Nvidia recently introduced a cutting-edge AI hardware platform powered by its next-generation chip, designed to efficiently train complex generative AI workloads and complement high-performance servers.
The Nvidia GH200 Grace Hopper leverages the company’s new HBM3e processor, which boasts 3x faster memory bandwidth compared to its predecessor.
The GH200 chip is highly configurable to meet the specific requirements of customers. When used in a dual configuration, with two chips paired together, it can deliver eight petaflops of performance, utilizing 144 Arm Neoverse cores and 282GB of HBM3e memory.
HBM3e memory is 50% faster than the current-generation HBM3 memory, offering 10TB/sec bandwidth and enabling the processing of models 3.5x larger than before.
This breakthrough in on-chip performance benefits organizations seeking to train and refine massive language models (LLMs), which currently consist of hundreds of billions of parameters but are projected to exceed a trillion parameters in the future. It allows for training and inference of AI models using a more compact network, eliminating the need for costly, large-scale supercomputers for AI training.
Jensen Huang, Nvidia’s founder and CEO, highlighted the significant drop in inference costs for large language models and emphasized the scalability of the GH200, stating that it can easily be deployed across global data centers.
Huang also stressed the importance of delivering more powerful solutions for data centers to keep up with the rapid development of AI technologies.
“To meet the growing demand for generative AI, data centers require accelerated computing platforms with specialized capabilities,” he said.
The GH200 Grace Hopper Superchip, the first generation of GH200 chips, began full production in May, catering to hyperscalers and supercomputing with a bandwidth of 900 GB/sec. Systems based on the GH200 Grace Hopper platform are expected to be available in Q2 2024.
While Nvidia’s announcement signifies a product refresh, offering faster AI training and inference capabilities, James Sanders, a principal analyst at CCS Insight, emphasized the importance of such advancements in the early stages of AI development.
Nvidia emphasized the compatibility of the new platform with its MGX modular server designs, facilitating widespread deployment across various server configurations.
The GH200 chips are NVLink compatible, enabling the creation of a supercomputer configuration called Nvidia DGX GH200, consisting of 256 GH200 Grace Hopper Superchips and providing 144TB of shared memory. This configuration is designed to tackle future generative AI models, including trillion-parameter LLMs and large-scale deep learning algorithms.
Nvidia has established itself as a leading provider of AI hardware and infrastructure, leveraging its expertise in designing graphics processing units (GPUs). The company offers a range of purpose-built chips for high-performance workloads, such as data analytics and training machine learning and generative AI models.
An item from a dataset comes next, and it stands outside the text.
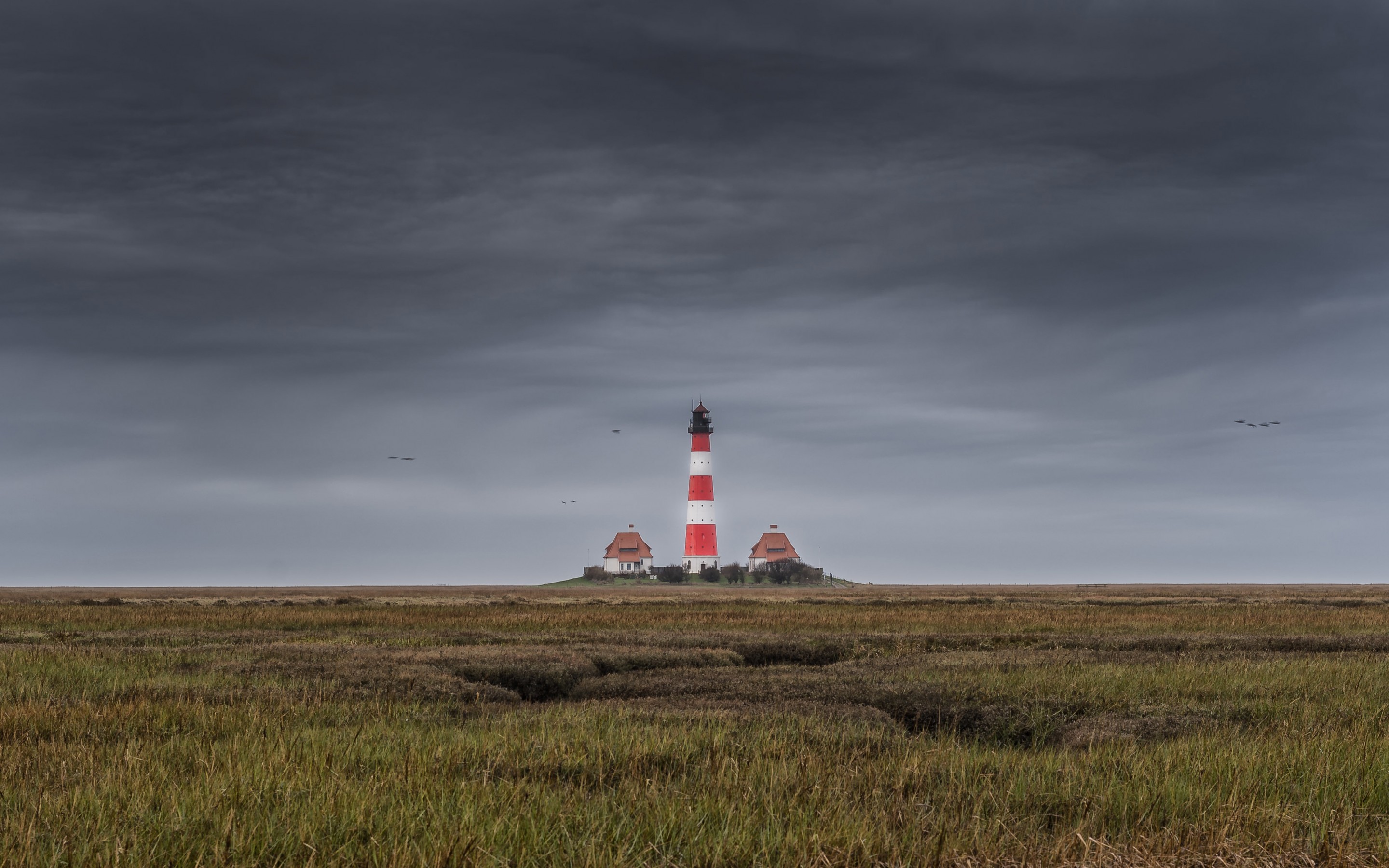 Description: A lighthouse on a grassy island under a cloudy sky with birds flying overhead in the distance.

Nvidia AI architectures, including Grace, Hopper, Ada Lovelace, and BlueField, encompass CPUs, GPUs, and DPUs.
In addition, Nvidia’s Spectrum-X Ethernet platform aims to enhance the efficiency of Ethernet networks in data centers, enabling faster data processing and AI workload execution in the cloud.
Hopper chips, including the H100, have been instrumental in training OpenAI’s GPT-4 supercomputer and have been adopted by cloud computing giants like Amazon Web Services (AWS), Google Cloud, and Microsoft Azure.
Several major tech companies, including Dell and Snowflake, have partnered with Nvidia to offer their customers customized generative AI solutions. These partnerships leverage Nvidia’s NeMo end-to-end AI framework to deploy industry-specific models, leveraging proprietary data stored in platforms like Snowflake’s Data Cloud.